Targeted Review Solutions

Determine the perimeter of the right triangle.

$\begin{matrix} a = 5, c = 13 \\ a^{2} + b^{2} = c^{2} & P = a + b + c \\ b = \sqrt{c^{2} - a^{2}} & P = 5 + 12 + 13 \\ b = \sqrt{13^{2} - 5^{2}} \\ b = 12 \end{matrix}$

30 units

Note

You are encouraged to show your work, even if you notice this Pythagorean triple.

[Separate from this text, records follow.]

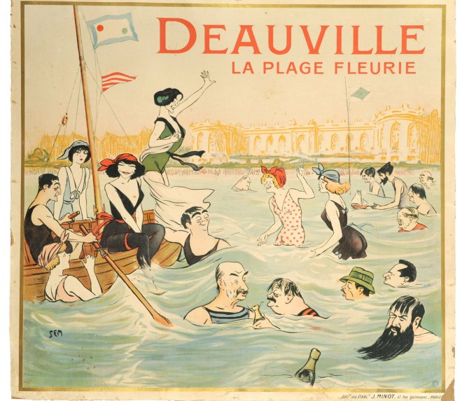 But now to the marinière’s upgrade into a fashion item. It seems that Coco Chanel was the first fashionista to take this humble piece of clothing and turn it into a fashion statement. The story goes that during the First World War Chanel would often leave Paris to go and spend time on the Normandy coast; she had a second shop in Deauville, a seaside resort which was the hang-out of the rich and famous. This is a poster for Deauville from the 1920s, when it was once again the place for the rich to go and have fun.
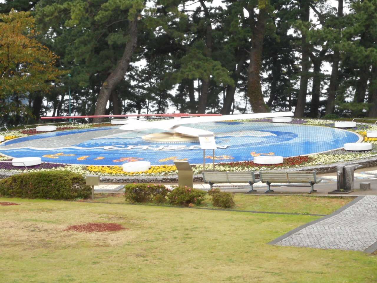 土肥温泉の観光の際に訪問しました。松原公園の入り口付近にあって、ギネスブックに収載されている「世界一の花時計」という案内がありました。上からの様子が見やすいように、展望スペースもあってよかったです。冬でしたが、花もきれいに植わっていました。
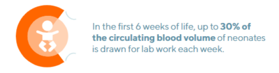 Such frequent laboratory testing can cause significant blood loss for infants in the NICU. Research has shown that very low birth weight (VLBW) infants undergo an average of nearly 57 blood gas measurements per week,² and another found that up to 30% of a neonate’s circulating blood volume could be drawn for lab work each week during their first six weeks of life.³ While it is vital to keep a close eye on these patients, the blood loss from this frequent testing can pose serious risks, including anemia of prematurity and the potential need for blood transfusions.
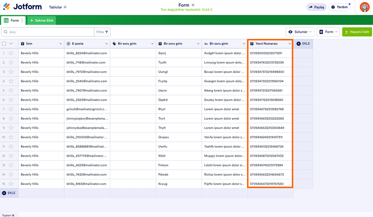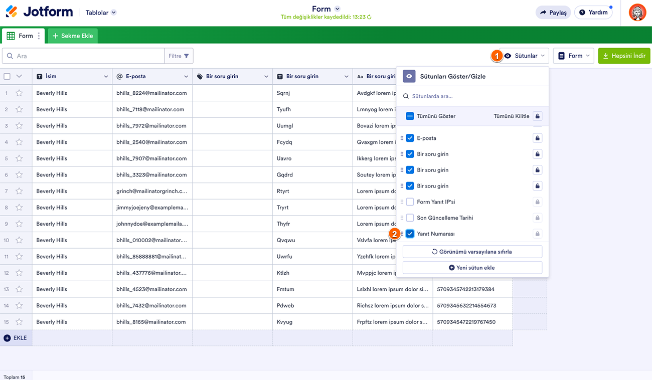 - Sütunları Göster/Gizle kutusunu kapatın. Yanıt Numaraları Jotform Tablolar’da ayrı bir sütunda gösterilecektir:
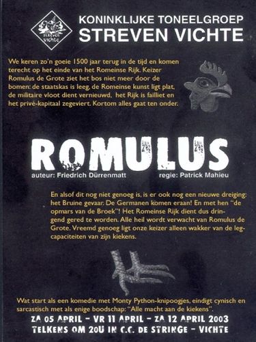 We keren zo'n goeie 1500 jaren terug in de tijd en komen terecht op het einde van het Romeinse Rij. Keizer Romulus de Grote ziet het bos niet meer door de bomen : de staatskas is leeg, de Romeinse kunst ligt plat, de militaire vloot dient vernieuwd, het Rijk is failliet en het privé-kapitaal zegeviert. Kortom alles gaat ten onder.
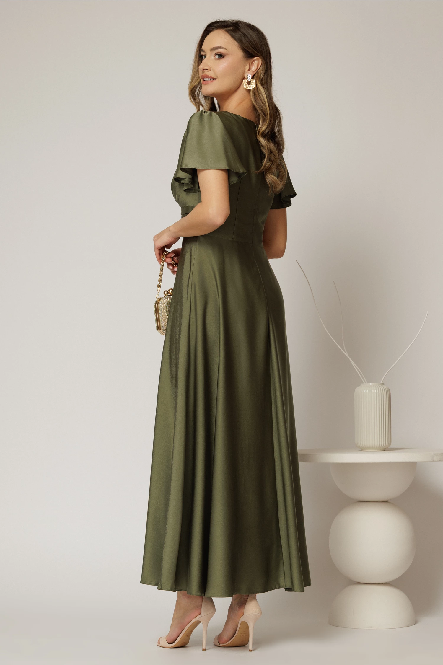 Rochie lunga kaki de ocazie cu decolteu adanc si maneci scurte evazate
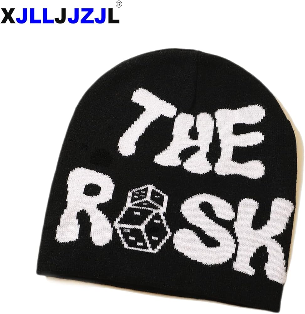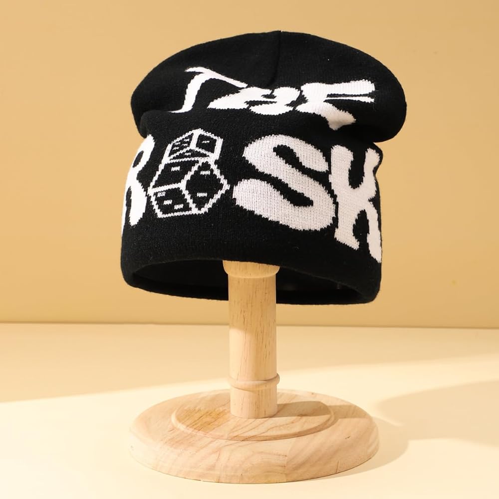 XJLLJJZJL القوطية إلكتروني طباعة Skullies محبوك قبعة الهيب هوب قبعة الشتاء الدافئة فاسق بيني عارضة في الهواء الطلق قبعة تزلج مترهل الجمجمة قبعة سوداء

Determine the area of the triangle. Round to the nearest hundredth.

$\begin{matrix} b = 8, c = 13 \\ a^{2} + b^{2} = c^{2} & b = 8, h = 10.25 \\ a = \sqrt{c^{2} - b^{2}} & A = \frac{1}{2} b h \\ a = \sqrt{13^{2} - 8^{2}} & A = \frac{1}{2} (8) (10.25) \\ a = 10.25 \end{matrix}$

41 square units

Determine the value of Q and R.
${(7 x + 1)}^{2} = 49 x^{2} + Q x + R$

$(7 x + 1) (7 x + 1) = 49 x^{2} + Q x + R 49 x^{2} + 14 x + 1 = 49 x^{2} + Q x + R \begin{matrix} 14 x = Q x & 1 = R \end{matrix}$

$Q = 14, R = 1$

Determine the value of n.
${(2 x - n)}^{2} = 4 x^{2} - 36 x + 81$

$\begin{array}{rcl} (2 x - n) (2 x - n) & = & 4 x^{2} - 36 x + 81 \\ 4 x^{2} - 4 x n - n^{2} & = & 4 x^{2} - 36 x + 81 \\ n^{2} & = & 81 \\ n & = & \pm 9 \end{array}$

$n = 9$

Note

The value must be $n = 9,$ because –9 would make the middle term positive.

Note

Problem 5–6

The rules for simplifying square roots are only true when the radicand is positive. Therefore, $\sqrt{- 1} = i$ must be completed in the first step.

Simplify.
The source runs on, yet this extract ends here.